**ASSIGNMENT:** Transcribe nothing except the lines below that run from the one with "25秋新品 gxg.jeans男装 蓝色格纹复古潮流宽松连帽夹克外套男" to the one with "The girl’s Prateria", ends included, and do not copy any picture.

**INFORMATION PROVIDED:**
■ ■ ■ ■ ■
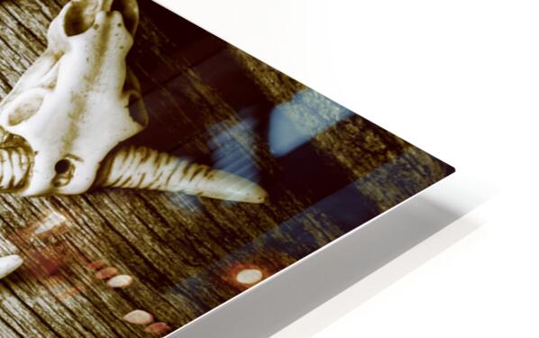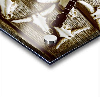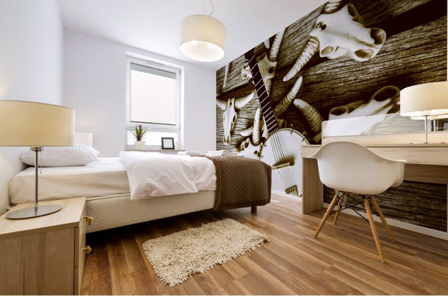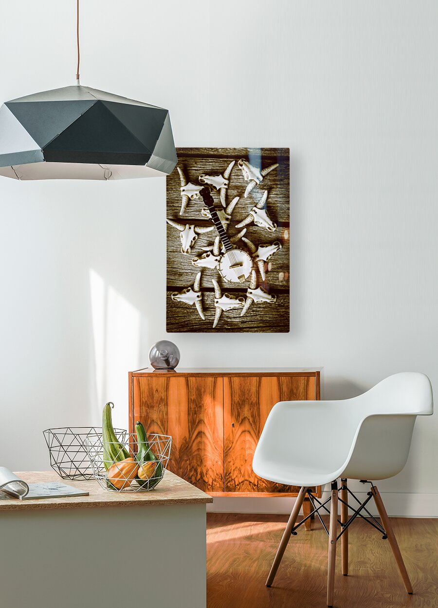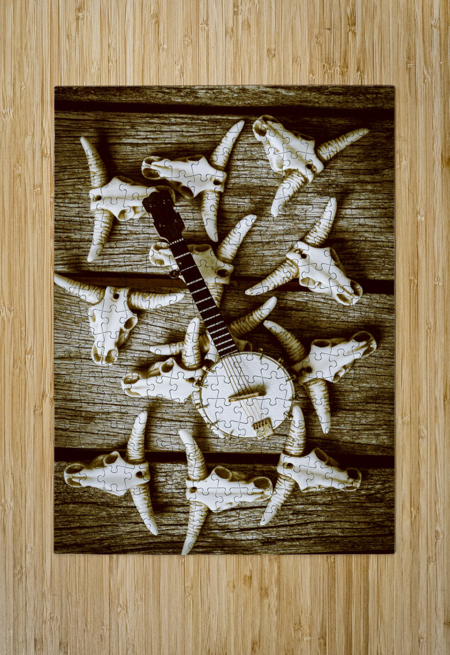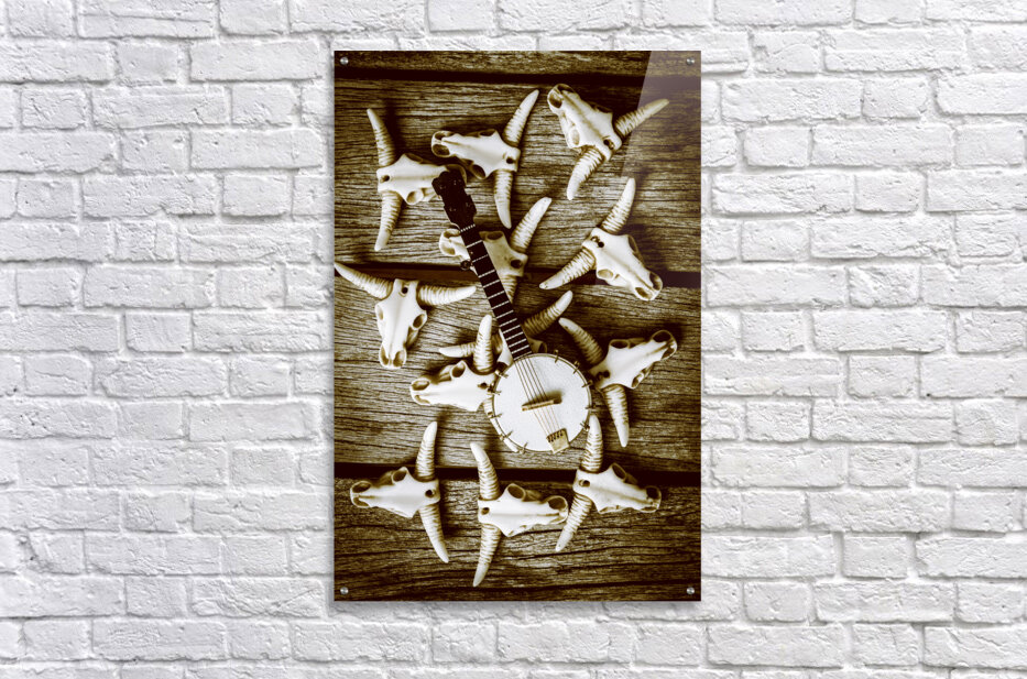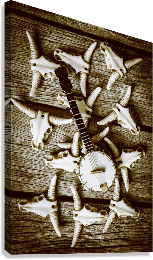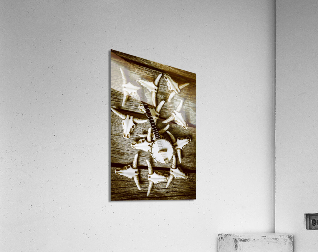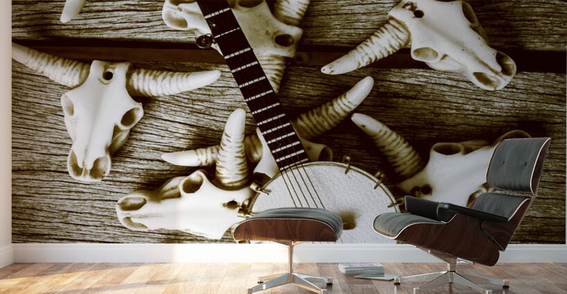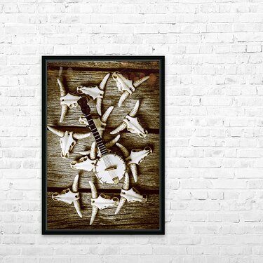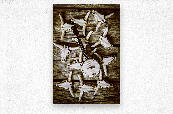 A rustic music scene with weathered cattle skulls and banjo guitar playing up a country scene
■ ■ ■ ■ ■
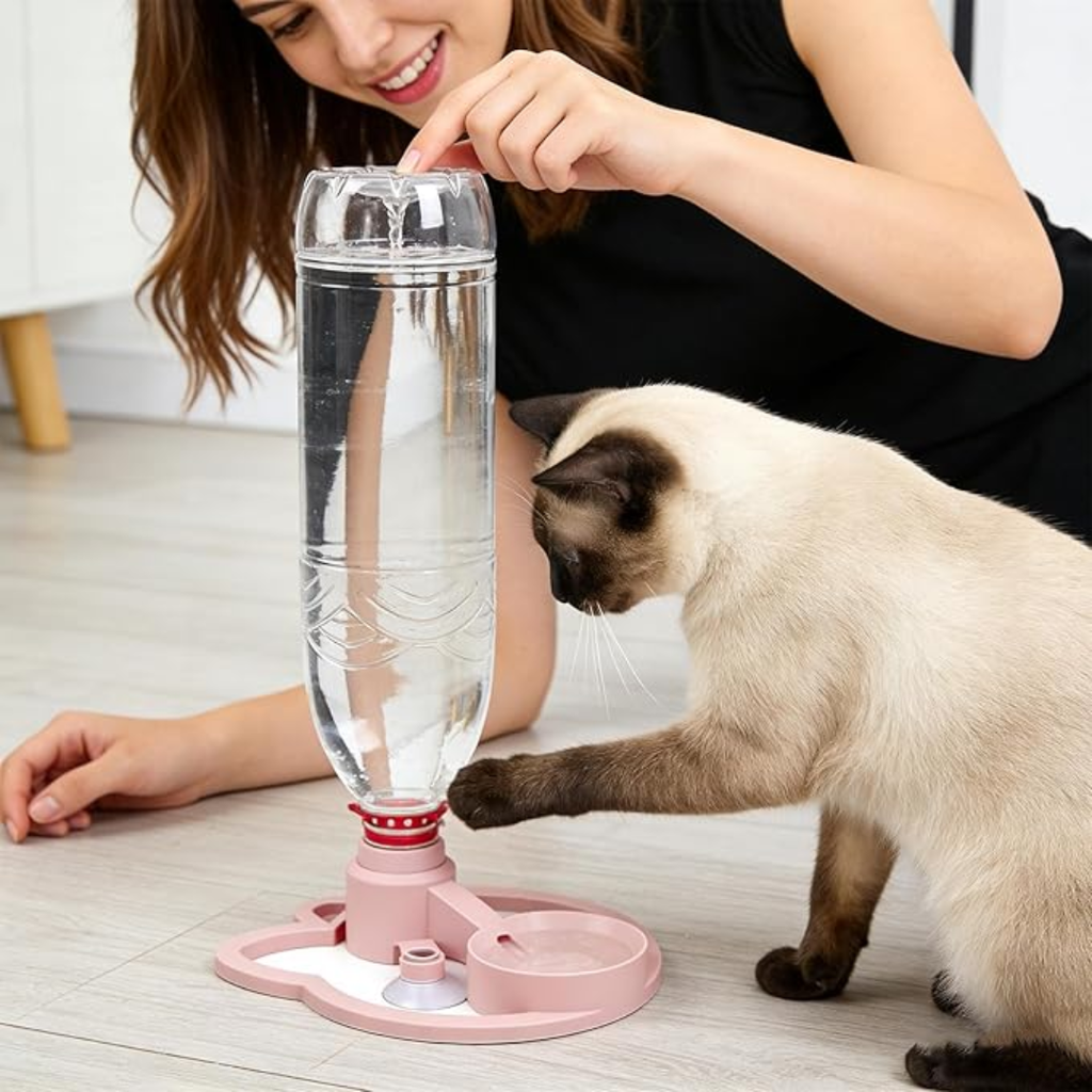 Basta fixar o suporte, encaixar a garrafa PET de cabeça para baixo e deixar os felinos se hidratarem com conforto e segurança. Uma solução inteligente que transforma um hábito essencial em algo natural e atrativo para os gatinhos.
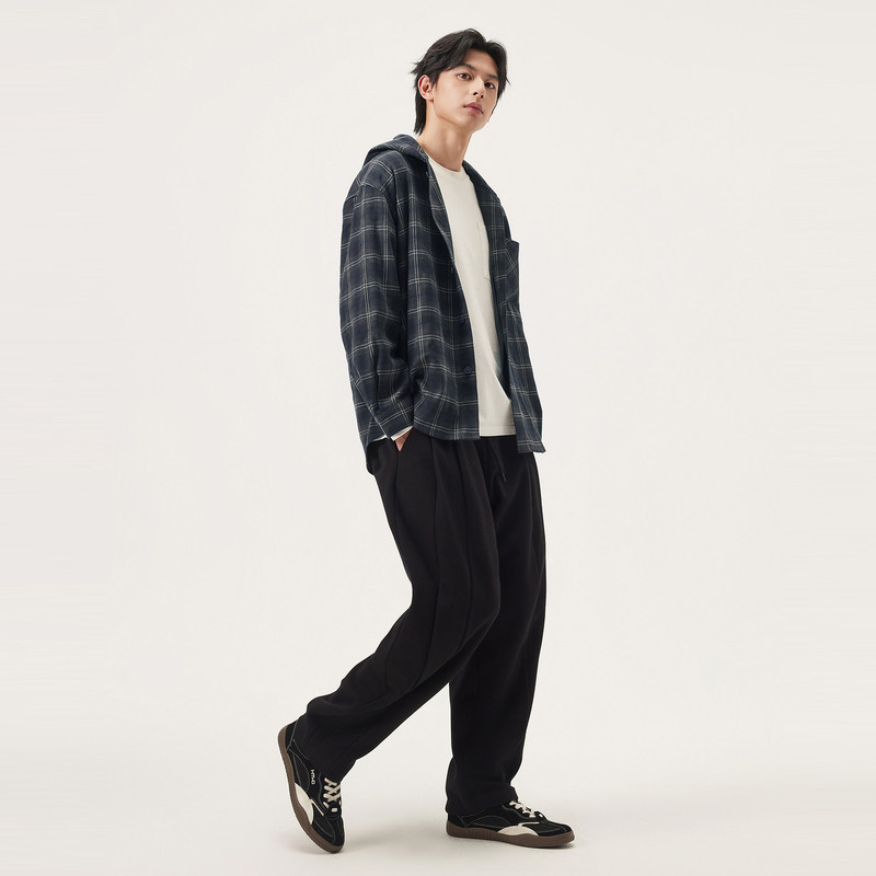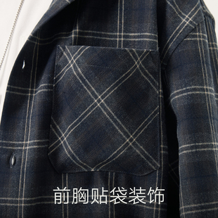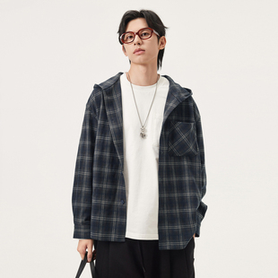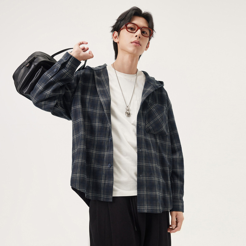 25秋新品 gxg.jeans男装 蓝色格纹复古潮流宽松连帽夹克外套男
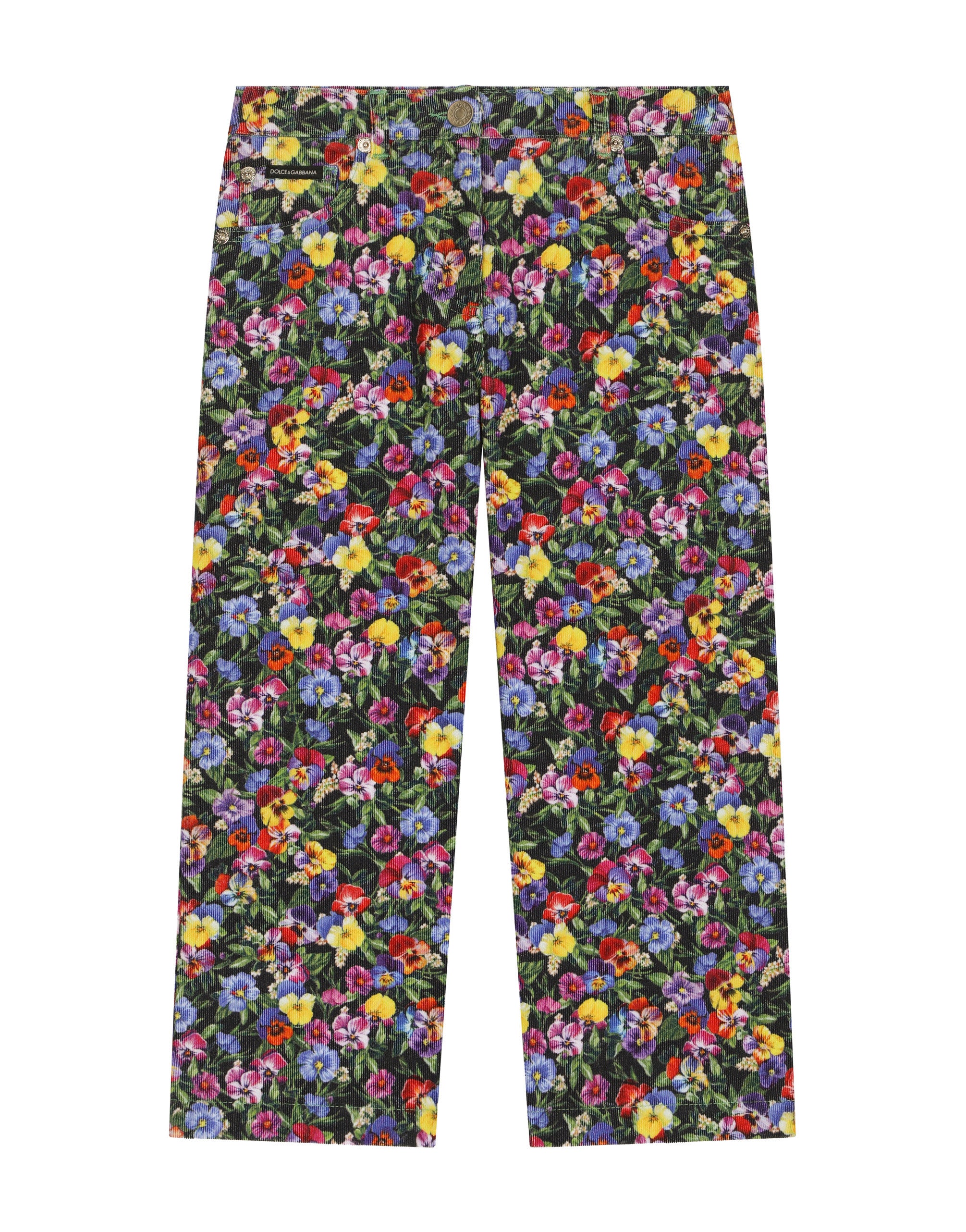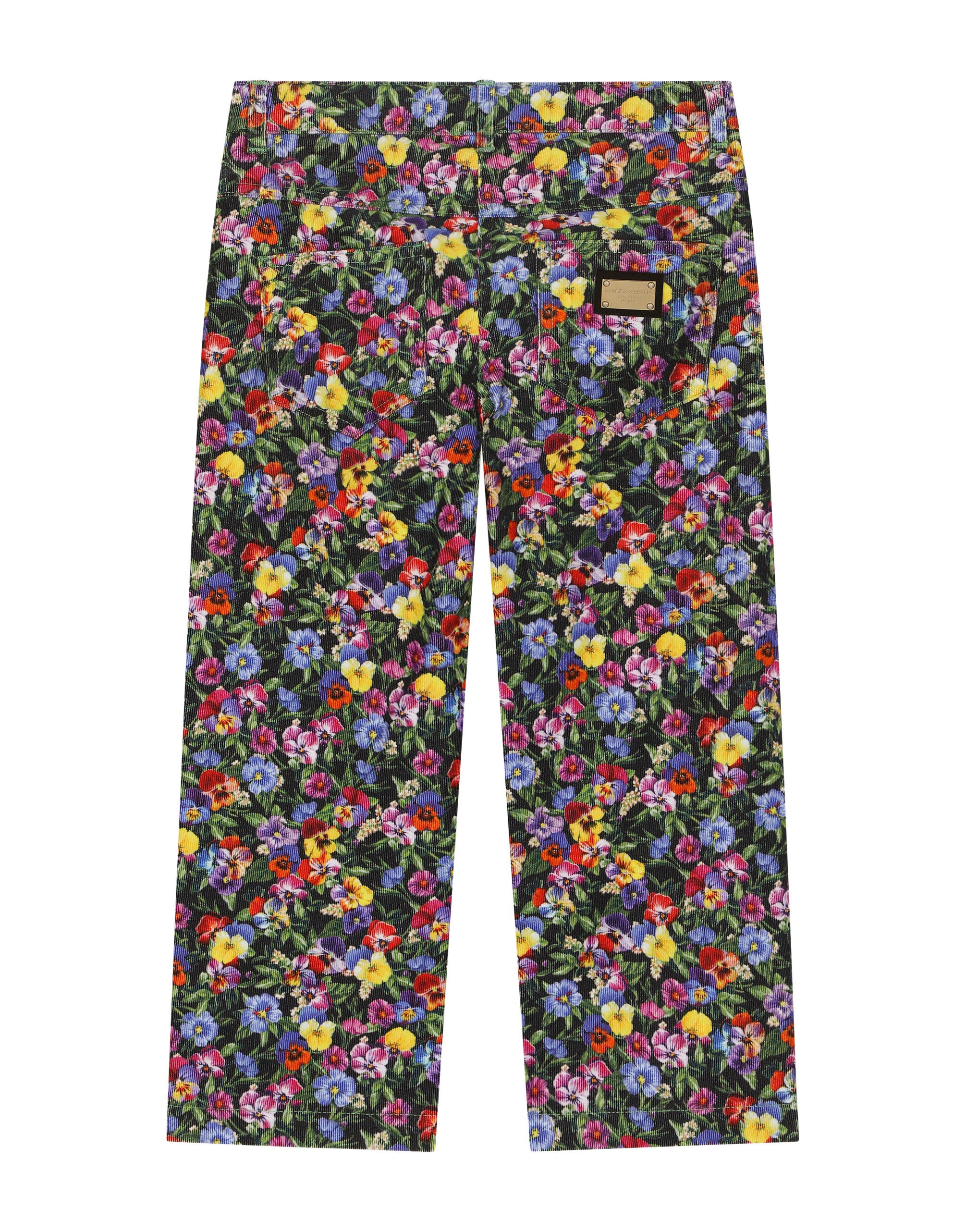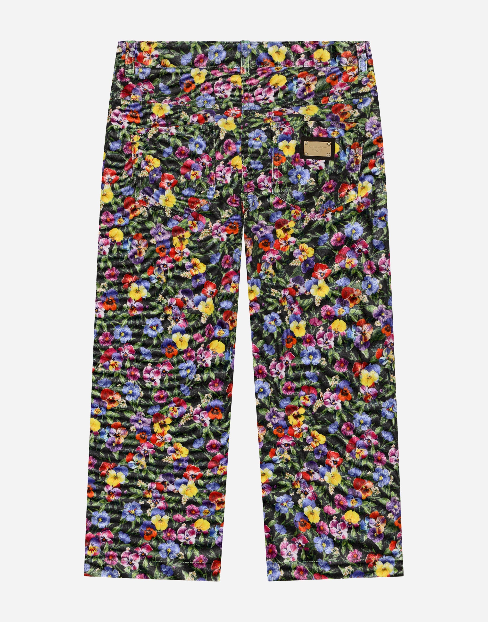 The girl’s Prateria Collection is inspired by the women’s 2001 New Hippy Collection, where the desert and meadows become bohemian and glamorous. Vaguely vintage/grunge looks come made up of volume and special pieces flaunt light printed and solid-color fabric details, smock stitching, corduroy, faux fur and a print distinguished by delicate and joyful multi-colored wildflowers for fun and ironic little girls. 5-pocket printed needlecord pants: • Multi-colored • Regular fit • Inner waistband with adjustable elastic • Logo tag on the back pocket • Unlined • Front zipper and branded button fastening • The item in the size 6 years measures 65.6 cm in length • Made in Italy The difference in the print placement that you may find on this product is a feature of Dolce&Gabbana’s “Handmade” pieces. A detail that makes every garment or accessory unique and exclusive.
■ ■ ■ ■ ■
**RESPONSE:**
 25秋新品 gxg.jeans男装 蓝色格纹复古潮流宽松连帽夹克外套男
 The girl’s Prateria Collection is inspired by the women’s 2001 New Hippy Collection, where the desert and meadows become bohemian and glamorous. Vaguely vintage/grunge looks come made up of volume and special pieces flaunt light printed and solid-color fabric details, smock stitching, corduroy, faux fur and a print distinguished by delicate and joyful multi-colored wildflowers for fun and ironic little girls. 5-pocket printed needlecord pants: • Multi-colored • Regular fit • Inner waistband with adjustable elastic • Logo tag on the back pocket • Unlined • Front zipper and branded button fastening • The item in the size 6 years measures 65.6 cm in length • Made in Italy The difference in the print placement that you may find on this product is a feature of Dolce&Gabbana’s “Handmade” pieces. A detail that makes every garment or accessory unique and exclusive.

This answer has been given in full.